Data Types and Matching

In this tutorial, we learn how to build our own types in OCaml and to write functions that process this new data.

Please note throughout this tutorial the code is written in the ocaml toplevel. Whereas # denoted a comment and $ the command prompt in the Up & Running document, when in the ocaml or utop toplevel, the command prompt appears as a #, as shown in the following examples.

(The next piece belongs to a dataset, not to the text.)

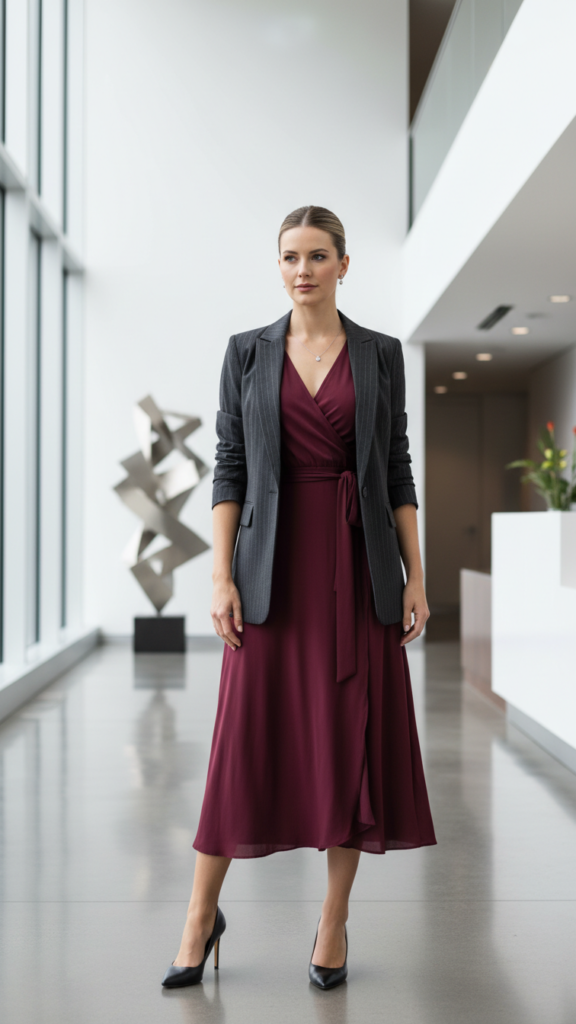 Layer cozy knit cardigans or structured blazers over your wrap dress for temperature control and added professionalism. Complete your look with refined accessories such as a structured leather handbag, classic pumps, and minimal jewelry that enhances without overwhelming your silhouette. These chic office outfits create the foundation for a polished and professional appearance that commands respect. This combination creates executive presence while allowing freedom of movement.

Also remember that an expression must end with ;; for OCaml to evaluate it. Unless these examples start with a # toplevel prompt and end with ;;, it isn't an expression to evaluate but rather an example of code structure.

Built-in Compound Types

We have already seen simple data types such as int, float, string, and bool. Let's recap the built-in compound data types we can use in OCaml to combine such values. First, we have lists, which are ordered collections of any number of elements sharing the same type:

# [];;
- : 'a list = []
# [1; 2; 3];;
- : int list = [1; 2; 3]
# [[1; 2]; [3; 4]; [5; 6]];;
- : int list list = [[1; 2]; [3; 4]; [5; 6]]
# [false; true; false];;
- : bool list = [false; true; false]

Next, we have tuples, which collect a fixed number of elements together:

# (5.0, 6.5);;
- : float * float = (5., 6.5)
# (true, 0.0, 0.45, 0.73, "french blue");;
- : bool * float * float * float * string =
(true, 0., 0.45, 0.73, "french blue")

We have records, which are like labeled tuples. In tuples, a field sits at some place: first, second, third, etc. In records, a field has a name; order is no longer relevant. Therefore, a record definition is a set of field name and type:

# type point = {x : float; y : float};;
type point = { x : float; y : float; }
# let a = {x = 5.0; y = 6.5};;
val a : point = {x = 5.; y = 6.5}
# type colour = {websafe : bool; r : float; g : float; b : float; name : string};;
type colour = {
  websafe : bool;
  r : float;
  g : float;
  b : float;
  name : string;
}
# let b = {websafe = true; r = 0.0; g = 0.45; b = 0.73; name = "french blue"};;
val b : colour =
  {websafe = true; r = 0.; g = 0.45; b = 0.73; name = "french blue"}

A record must contain all fields:

# let c = {name = "puce"};;
Line 1, characters 9-24:
Error: Some record fields are undefined: websafe r g b

Records may be mutable:

# type person =
  {first_name : string;
   surname : string;
   mutable age : int};;
type person = { first_name : string; surname : string; mutable age : int; }
# let birthday p =
  p.age <- p.age + 1;;
val birthday : person -> unit = <fun>

Please note: in the above example, we chose "colour" as the name of a type that holds RGB-values. If you wanted to, you could also use the US spelling "color." Another mutable compound data type is the fixed-length array which, just as a list, must contain elements of like type. However, its elements may be accessed in constant time:

# let arr = [|1; 2; 3|];;
val arr : int array = [|1; 2; 3|]
# arr.(0);;
- : int = 1
# arr.(0) <- 0;;
- : unit = ()
# arr;;
- : int array = [|0; 2; 3|]

In this tutorial, we will define our own compound data types using the type keyword, and we'll use some of these built-in structures as building blocks.

A Simple Custom Type

We can define a new data type colour which can take one of four values.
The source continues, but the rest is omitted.